> **Your instructions**
Please repeat the records word for word and skip the pictures.

Source data:

* * * * * * *

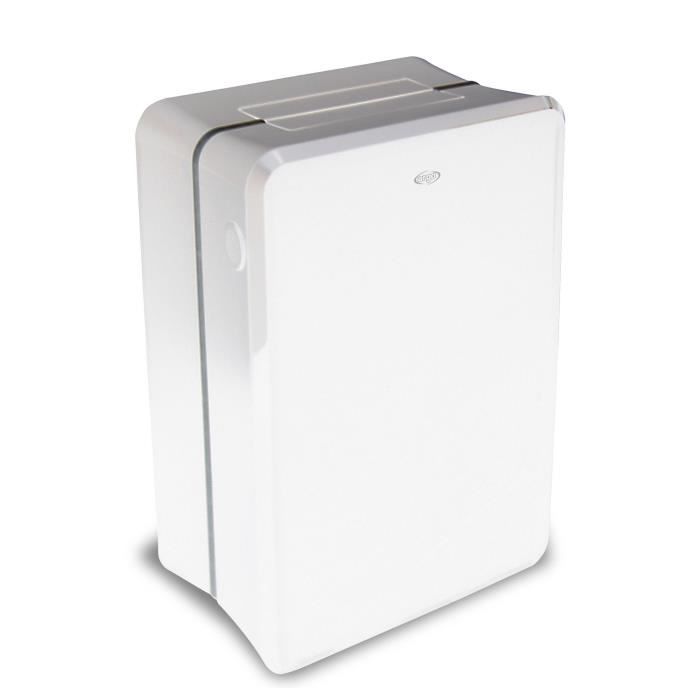 Climatiseur mobile monobloc - Puissance frigorifique 2400 W - Puissance de déshumidification 1.25 l/h - Puissance absorbée 870 W - 4 roulettes - Débit d'air jusqu'a 400 m3/h - 3 vitesses + auto - Puissance acoustique 60 dB - 2 filtres lavables - Télécommande - Mode nuit - Programmation 24h/7 jours - Classe énergétique A - Coloris blanc
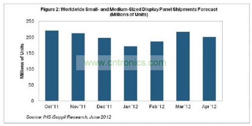4月出貨量下降似乎預示第二季度前景疲軟,不太符合先前的預期。這是因為許多使用SMD的OEM廠商正在為新產品做準備,尤其是智能手機和平板電腦,這些新產品計劃在今年第三季度或者下半年推出。在接近第二季度結束的時候,面向新設計的面板可能向市場大量出貨,主要是在第三季度,屆時將推高出貨量數字。
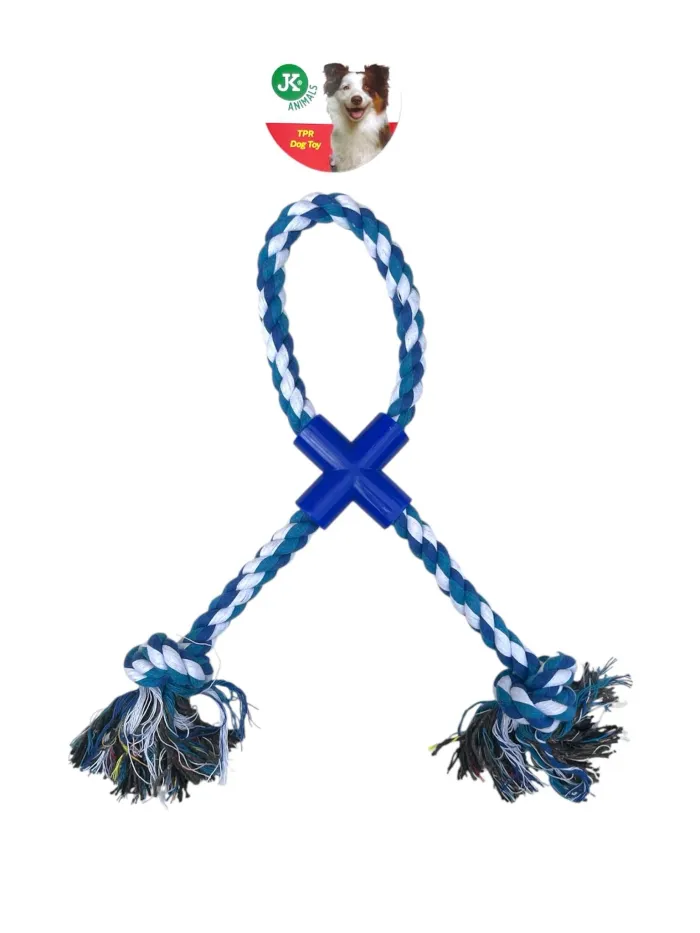 Jouet pour chien en corde tressée bleue et blanche, avec croix en plastique au centre et deux nœuds aux extrémités. Longueur : 39 cm. Idéal pour tirer, mâchouiller ou jouer à deux. Solide, pratique et adapté à tous les chiens. Marque : JK Animals
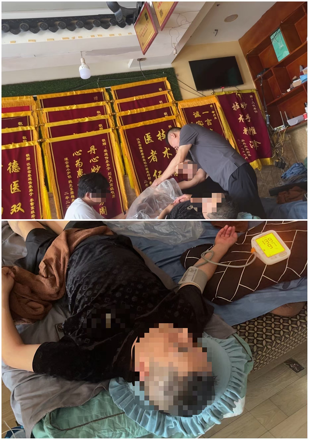 “我是非遗传承人,你可以在网上搜我的名字,经络散结全网就我一个。”他指着几位俯卧在床的中年男女说,“他们都是来看病的,我们这里专门看医院看不好的病。”
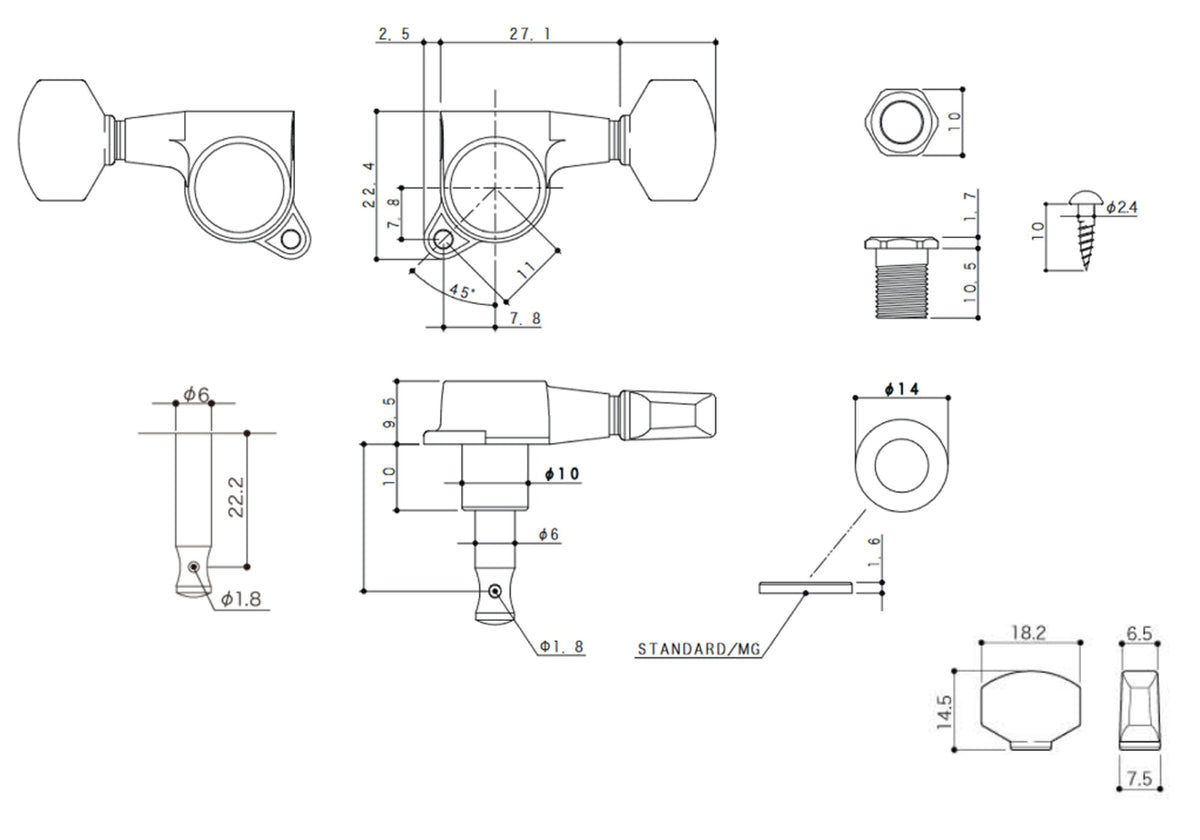 Gotoh SG381(B)07 Tuners with Standard Post, 6-Left (Black)
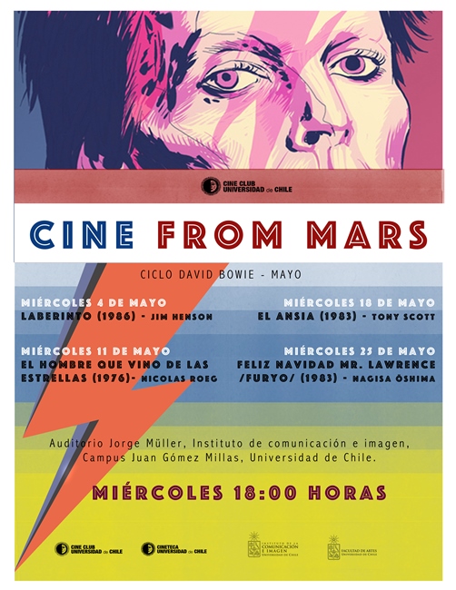 Laberinto (1986, de Jim Henson), El hombre que vino de las estrellas (1976, de Nicolas Roeg), The hunger (1983, de Toni Scott) y Feliz Navidad Mr. Lawrence (Furyo) (1983, de Nagisa Oshima), son las películas que el público podrá ver de manera gratuita los días 4, 11, 18 y 25 de mayo, respectivamente a las 18:00 hrs. en el Auditorio Jorge Müller del Instituto de comunicación e imagen, ubicado en el Campus Juan Gómez Millas de la Universidad de Chile (Ignacio Carrera Pinto 1045, Ñuñoa).
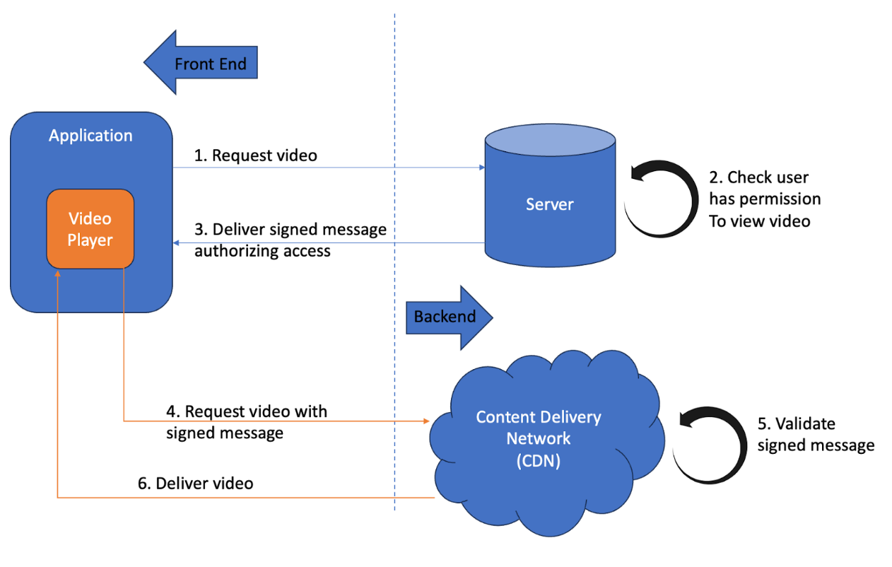 The choice of CDN and the mechanism for signing/validating messages is governed by the aforementioned video infrastructure providers. Many use signed JWTs.
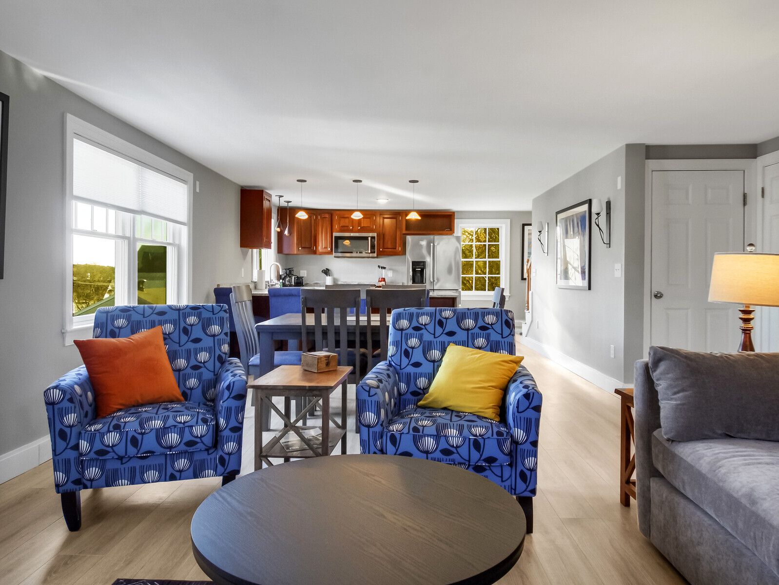 An expansive suite, the Crow's Nest, can easily accommodate families and groups. Equipped with a full kitchen, regal king-sized bed, two twin beds, and a pull-out sleeper sofa. Enjoy the natural light and scenic views of this coastal dream suite. 2-story unit.
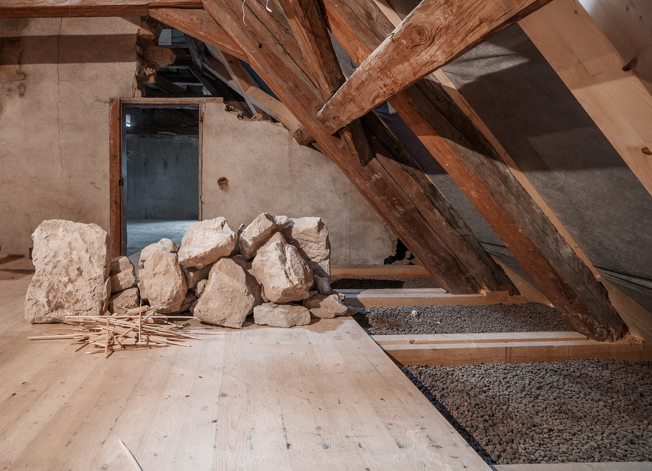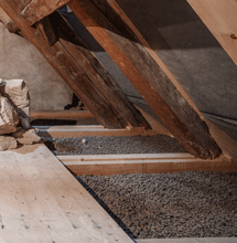 Im Dachgeschoss sorgen rund 70 m3 einer ungebundenen Liapor-Schüttung für die nötige Wärmedämmung.
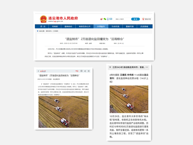 今年收割期間,人民網(wǎng)、光明網(wǎng)、江蘇24小時(shí)、連云港市人民政府網(wǎng)、連云港日?qǐng)?bào)連續(xù)報(bào)道了我公司鹽堿地水稻豐收、秸稈綜合利用等工作舉措。我公司在現(xiàn)代農(nóng)業(yè)發(fā)展和生態(tài)文明建設(shè)中取得的成就受到了媒體廣泛關(guān)注。(青宣)
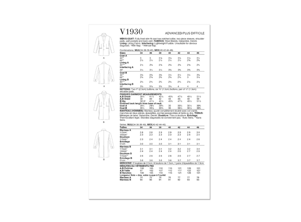 Vogue symønster 1930 - Frakk til herre
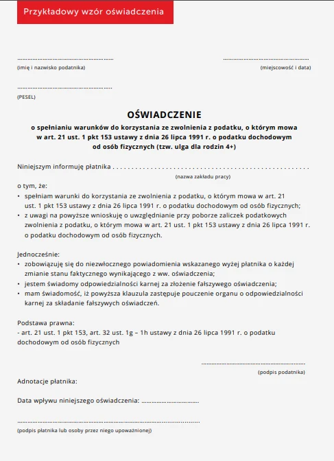 W oświadczeniu informujesz, że spełniasz warunki do zastosowania ulgi. Jednocześnie w oświadczeniu musisz zawrzeć klauzulę o treści: "Jestem świadomy/a odpowiedzialności karnej za złożenie fałszywego oświadczenia" - klauzula ta zastępuje pouczenie organu o odpowiedzialności karnej za składanie fałszywych oświadczeń. Jeżeli oświadczenie spełni wszystkie wymogi co do jego treści, pracodawca lub zleceniodawca zastosuje zwolnienie najpóźniej od następnego miesiąca po złożeniu oświadczenia.

* * * * * * *

> **Answer area**
 Climatiseur mobile monobloc - Puissance frigorifique 2400 W - Puissance de déshumidification 1.25 l/h - Puissance absorbée 870 W - 4 roulettes - Débit d'air jusqu'a 400 m3/h - 3 vitesses + auto - Puissance acoustique 60 dB - 2 filtres lavables - Télécommande - Mode nuit - Programmation 24h/7 jours - Classe énergétique A - Coloris blanc
4月出貨量下降似乎預示第二季度前景疲軟,不太符合先前的預期。這是因為許多使用SMD的OEM廠商正在為新產品做準備,尤其是智能手機和平板電腦,這些新產品計劃在今年第三季度或者下半年推出。在接近第二季度結束的時候,面向新設計的面板可能向市場大量出貨,主要是在第三季度,屆時將推高出貨量數字。
 Jouet pour chien en corde tressée bleue et blanche, avec croix en plastique au centre et deux nœuds aux extrémités. Longueur : 39 cm. Idéal pour tirer, mâchouiller ou jouer à deux. Solide, pratique et adapté à tous les chiens. Marque : JK Animals
 “我是非遗传承人,你可以在网上搜我的名字,经络散结全网就我一个。”他指着几位俯卧在床的中年男女说,“他们都是来看病的,我们这里专门看医院看不好的病。”
 Gotoh SG381(B)07 Tuners with Standard Post, 6-Left (Black)
 Laberinto (1986, de Jim Henson), El hombre que vino de las estrellas (1976, de Nicolas Roeg), The hunger (1983, de Toni Scott) y Feliz Navidad Mr. Lawrence (Furyo) (1983, de Nagisa Oshima), son las películas que el público podrá ver de manera gratuita los días 4, 11, 18 y 25 de mayo, respectivamente a las 18:00 hrs. en el Auditorio Jorge Müller del Instituto de comunicación e imagen, ubicado en el Campus Juan Gómez Millas de la Universidad de Chile (Ignacio Carrera Pinto 1045, Ñuñoa).
 The choice of CDN and the mechanism for signing/validating messages is governed by the aforementioned video infrastructure providers. Many use signed JWTs.
 An expansive suite, the Crow's Nest, can easily accommodate families and groups. Equipped with a full kitchen, regal king-sized bed, two twin beds, and a pull-out sleeper sofa. Enjoy the natural light and scenic views of this coastal dream suite. 2-story unit.
 Im Dachgeschoss sorgen rund 70 m3 einer ungebundenen Liapor-Schüttung für die nötige Wärmedämmung.
 今年收割期間,人民網(wǎng)、光明網(wǎng)、江蘇24小時(shí)、連云港市人民政府網(wǎng)、連云港日?qǐng)?bào)連續(xù)報(bào)道了我公司鹽堿地水稻豐收、秸稈綜合利用等工作舉措。我公司在現(xiàn)代農(nóng)業(yè)發(fā)展和生態(tài)文明建設(shè)中取得的成就受到了媒體廣泛關(guān)注。(青宣)
 Vogue symønster 1930 - Frakk til herre
 W oświadczeniu informujesz, że spełniasz warunki do zastosowania ulgi. Jednocześnie w oświadczeniu musisz zawrzeć klauzulę o treści: "Jestem świadomy/a odpowiedzialności karnej za złożenie fałszywego oświadczenia" - klauzula ta zastępuje pouczenie organu o odpowiedzialności karnej za składanie fałszywych oświadczeń. Jeżeli oświadczenie spełni wszystkie wymogi co do jego treści, pracodawca lub zleceniodawca zastosuje zwolnienie najpóźniej od następnego miesiąca po złożeniu oświadczenia.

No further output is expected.